#### Raw data:
———
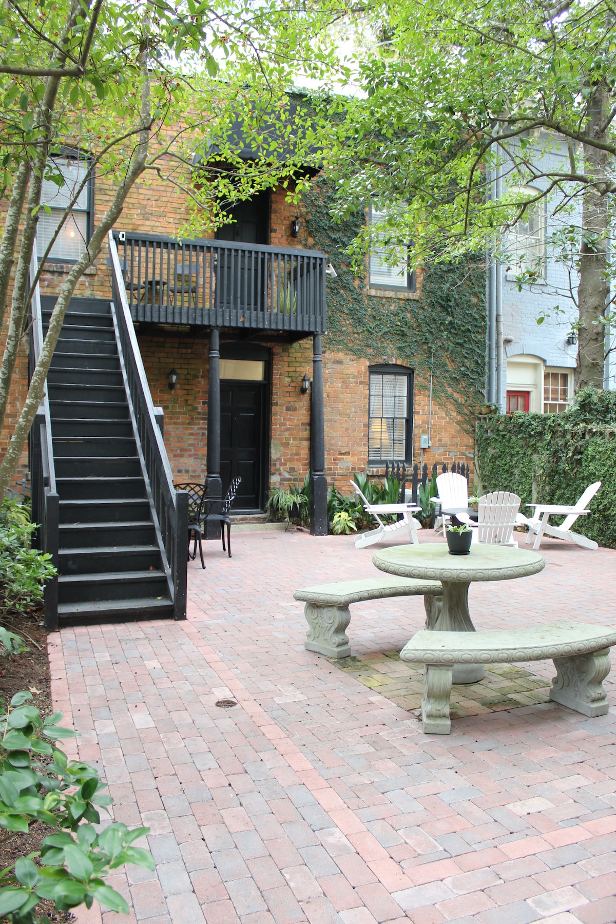 Hideaway Perch at Half Moon House is a light-filled upstairs retreat with a treehouse feel, tucked inside a restored 1914 carriage house. Blending mid-century modern decor with an eclectic, rustic cabin vibe, it offers a comfortable bedroom, a kitchenette, and a private bathroom with a wall-mounted showerhead and a historic shallow soaking tub. A private balcony overlooks the lush garden, creating a peaceful escape just minutes walk from Forsyth Park, Starland, and many top restaurants.
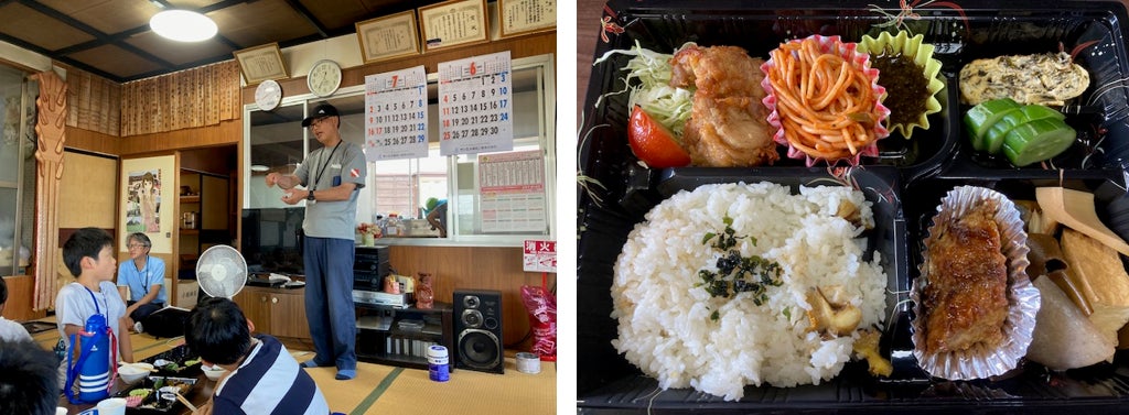 バスは、次の体験会場、黒姫漁港に停車。参加者は徒歩で昼食会場の黒姫公民館へ向かいます。昨日から人生で初めての海藻食も経験した参加者たちですが、まだまだランチの海藻メニューにも興味深々。中にはモズクの酢の物を味噌汁に投入して、新メニューに挑戦する強者も現れました。ナガモ入り卵焼き、昆布の煮物に加えて、ワカメとジャガイモの味噌汁もおいしくいただきました。
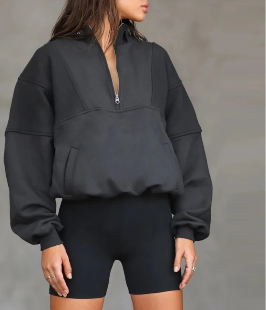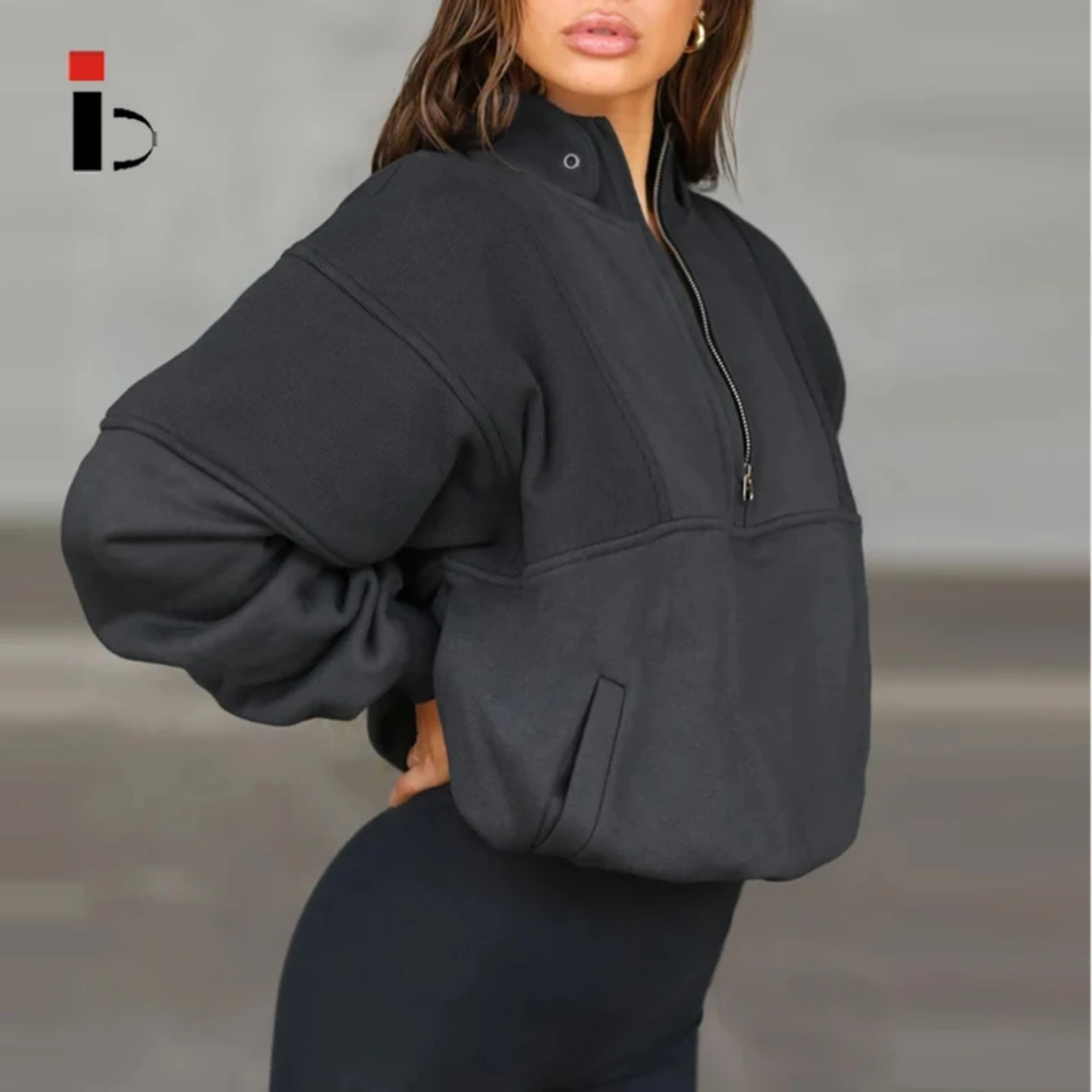 Sweatshirts à capuche en coton et polyester pour femmes sweatshirt à demi-fermeture éclair en polaire de haute.
———
#### What you have to do:
All that is needed is the span from the line with "バスは、次の体験会場、黒姫漁" through the last line of the material above, reproduced exactly and free of pictures.

#### Task response:
 バスは、次の体験会場、黒姫漁港に停車。参加者は徒歩で昼食会場の黒姫公民館へ向かいます。昨日から人生で初めての海藻食も経験した参加者たちですが、まだまだランチの海藻メニューにも興味深々。中にはモズクの酢の物を味噌汁に投入して、新メニューに挑戦する強者も現れました。ナガモ入り卵焼き、昆布の煮物に加えて、ワカメとジャガイモの味噌汁もおいしくいただきました。
 Sweatshirts à capuche en coton et polyester pour femmes sweatshirt à demi-fermeture éclair en polaire de haute.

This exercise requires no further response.